Aim of the exercise:
Pictures do not belong in the copy; restate the records below word for word.

Items from a data source:
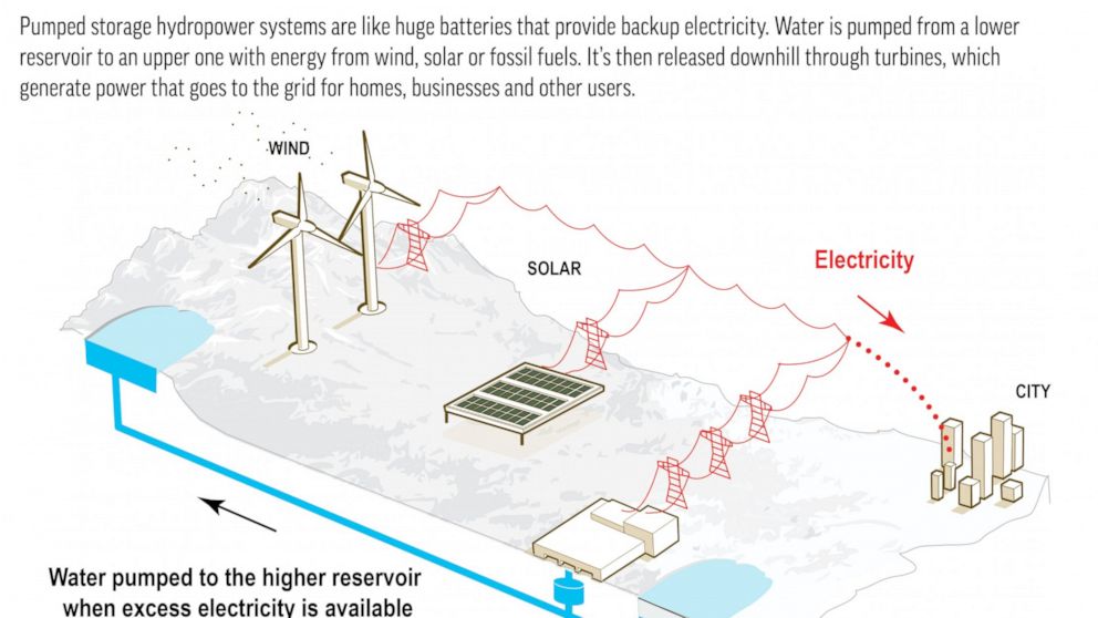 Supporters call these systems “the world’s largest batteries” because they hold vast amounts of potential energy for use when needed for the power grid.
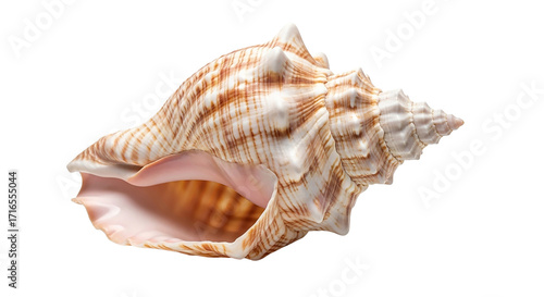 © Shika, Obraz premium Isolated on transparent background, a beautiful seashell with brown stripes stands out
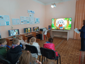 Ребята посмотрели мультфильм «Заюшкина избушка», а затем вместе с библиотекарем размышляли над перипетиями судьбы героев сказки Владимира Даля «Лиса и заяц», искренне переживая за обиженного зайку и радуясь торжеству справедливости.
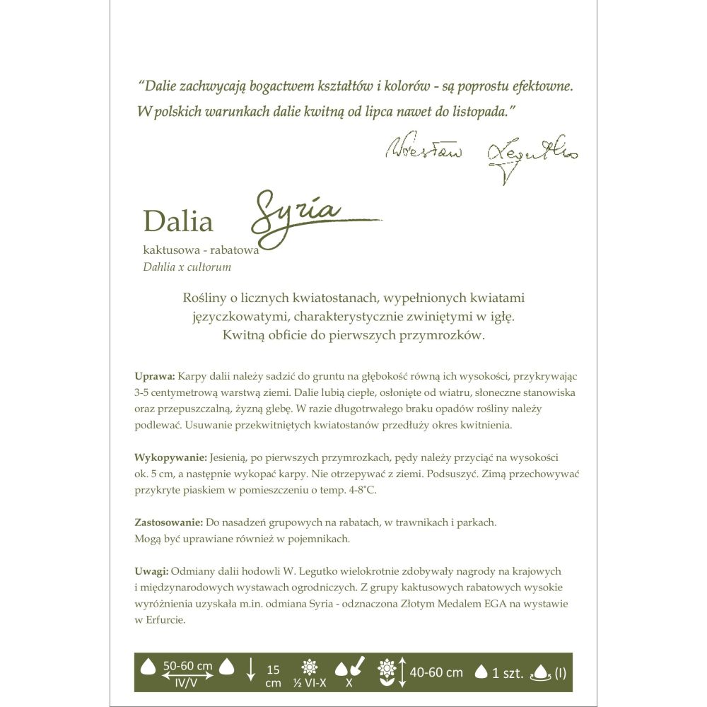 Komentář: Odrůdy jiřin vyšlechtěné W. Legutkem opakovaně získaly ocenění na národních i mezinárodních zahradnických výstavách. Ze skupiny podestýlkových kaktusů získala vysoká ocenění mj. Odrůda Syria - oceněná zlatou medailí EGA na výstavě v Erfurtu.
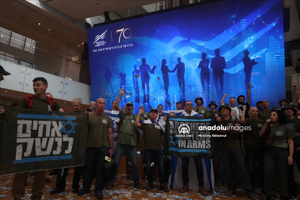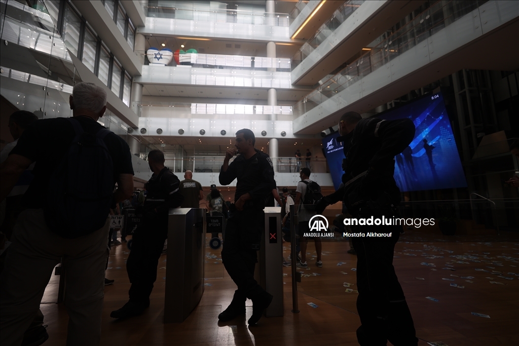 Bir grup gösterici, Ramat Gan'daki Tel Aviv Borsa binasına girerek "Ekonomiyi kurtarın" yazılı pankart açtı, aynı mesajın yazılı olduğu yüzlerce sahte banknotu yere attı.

Task response:
 Supporters call these systems “the world’s largest batteries” because they hold vast amounts of potential energy for use when needed for the power grid.
 © Shika, Obraz premium Isolated on transparent background, a beautiful seashell with brown stripes stands out
 Ребята посмотрели мультфильм «Заюшкина избушка», а затем вместе с библиотекарем размышляли над перипетиями судьбы героев сказки Владимира Даля «Лиса и заяц», искренне переживая за обиженного зайку и радуясь торжеству справедливости.
 Komentář: Odrůdy jiřin vyšlechtěné W. Legutkem opakovaně získaly ocenění na národních i mezinárodních zahradnických výstavách. Ze skupiny podestýlkových kaktusů získala vysoká ocenění mj. Odrůda Syria - oceněná zlatou medailí EGA na výstavě v Erfurtu.
 Bir grup gösterici, Ramat Gan'daki Tel Aviv Borsa binasına girerek "Ekonomiyi kurtarın" yazılı pankart açtı, aynı mesajın yazılı olduğu yüzlerce sahte banknotu yere attı.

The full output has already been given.